Странно. Катя говорит, что я благородный и добрый человек. Странно, очень
странно".
Он с любопытством отметил эти мысли. Они оборвались. "Э-э, - подумал
он, - плохо. Замерзаю. Проходят последние, главные мысли. Значит, сейчас
лягу в снег".
Но замерзшая спина впереди качнулась и пошла. Качнулся и пошел за нею
Рощин. Вот ноги уже стали вязнуть по колено. Пудовый сапог с трудом
выворачивался из глины. Донесло ветром обрывок крика: "Река, ребята..."
Раскатилась ругань. А ветер все свистал в штыках, навевая странные мысли.
Неясные, согнувшиеся фигуры брели мимо Рощина. Он собрал силы, со стоном
вытащил ногу и опять побрел.
Темной чертой на снегу проступал бурный поток, дальше все занавесило
летящим снегом. Ноги скользили по откосу. Бешено неслась темная вода.
Крики:
- Мост залило...
- Назад, что ли?
- Это кто - назад? Ты, что ли? Ты - назад?
- Пусти... Товарищ, да пусти.
- Дай ему прикладом...
- Ой... ой... ой...
Внизу за краем берега вспыхнул конус света от электрического фонарика.
Осветилась горбушка моста, залитого серой, стремительно несущейся водой,
расщепленный кусок перил.
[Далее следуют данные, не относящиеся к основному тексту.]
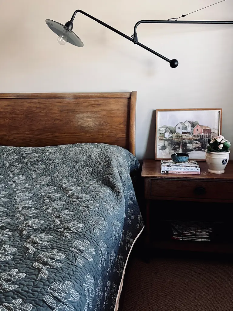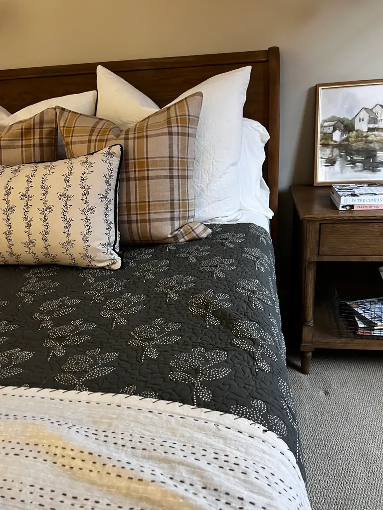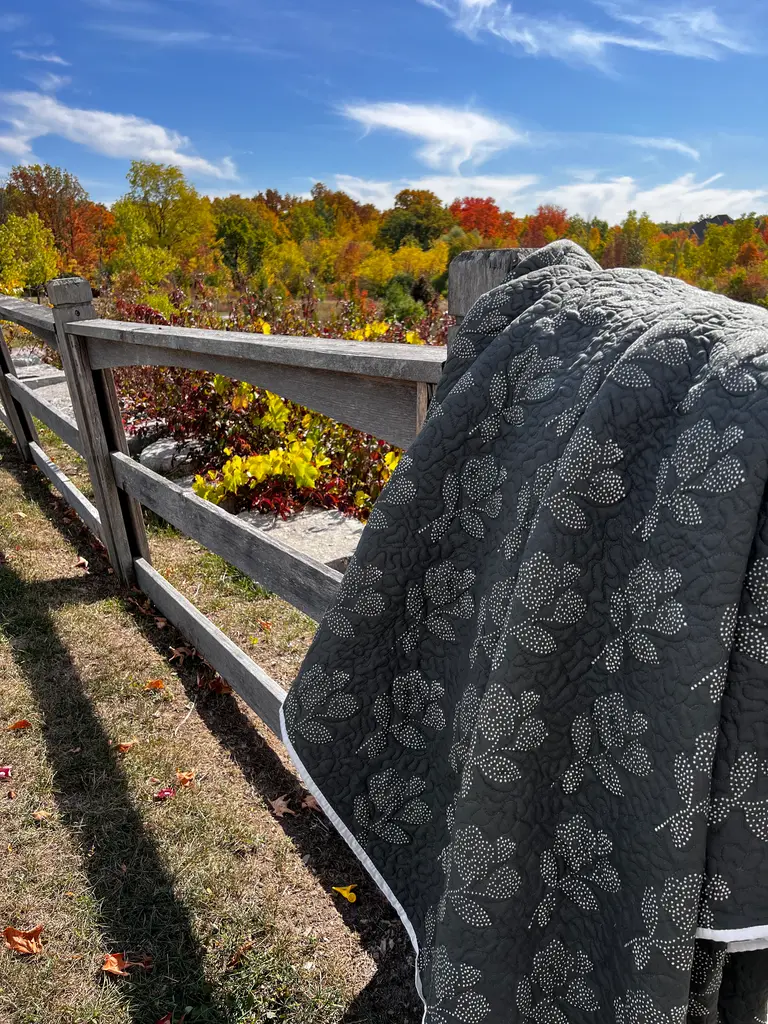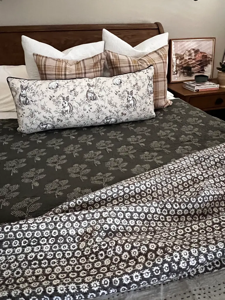 Midnight Bloom Quilt Hand Block Printed • Naturally Dyed • Reversible Wrap yourself in the quiet beauty of the Midnight Bloom Quilt, where timeless craftsmanship meets understated elegance. Featuring delicate dotted florals blooming across a deep chocolatey charcoal base, this hand block printed quilt evokes the magic of moonlit gardens and starlit skies. Expertly printed by skilled artisans using traditional woodblocks and natural dyes, each quilt is a one-of-a-kind expression of slow design. The subtle floral pattern adds texture and depth, while the contrast piping gives it a clean, refined finish. Lightweight yet cozy, it’s perfect for layering across seasons—on your bed, reading nook, or as a comforting throw. Product Features: • Hand block printed using traditional techniques • Naturally dyed with eco-friendly pigments • Reversible design with soft contrast print on the back • 100% cotton shell with breathable surgical cotton filling • Lightweight, soft, and perfect for all seasons • Ethically handcrafted in India Care Instructions: Cold wash separately on delicate cycle. Line dry in shade.

Фонарик взмахнул высоко, зигзагом, - погас.
Хриплый, страшный голос:
- Отделение... Переходи... Винтовки, патроны на голову. Не напирай, -
по двое... Пошел!
Подняв винтовку, Рощин вошел по пояс в воду, и она была все же не так
холодна, как ветер. Она сильно била в правый бок, толкала, старалась
унести в эту серо-белую тьму, в пучину. Ноги скользили, едва ощупывая
доски разбитого моста.
Варнавский полк был переброшен на Ново-Дмитровскую для подкрепления
местных сил. Все население станицы рыло окопы, - укрепляли станичное
управление и отдельные дома, ставили пулеметы. Тяжелая артиллерия
находилась южнее, в станице Григорьевской. В том же районе стоял 2-й
Северокавказский полк под командой Дмитрия Жлобы, преследовавшего
Добровольческую армию от самого Ростова. Западнее, на Афинской, -
гарнизон, артиллерия и бронепоезда. Силы красных оказались разбросанными,
что было недопустимо в такую топь и бездорожье.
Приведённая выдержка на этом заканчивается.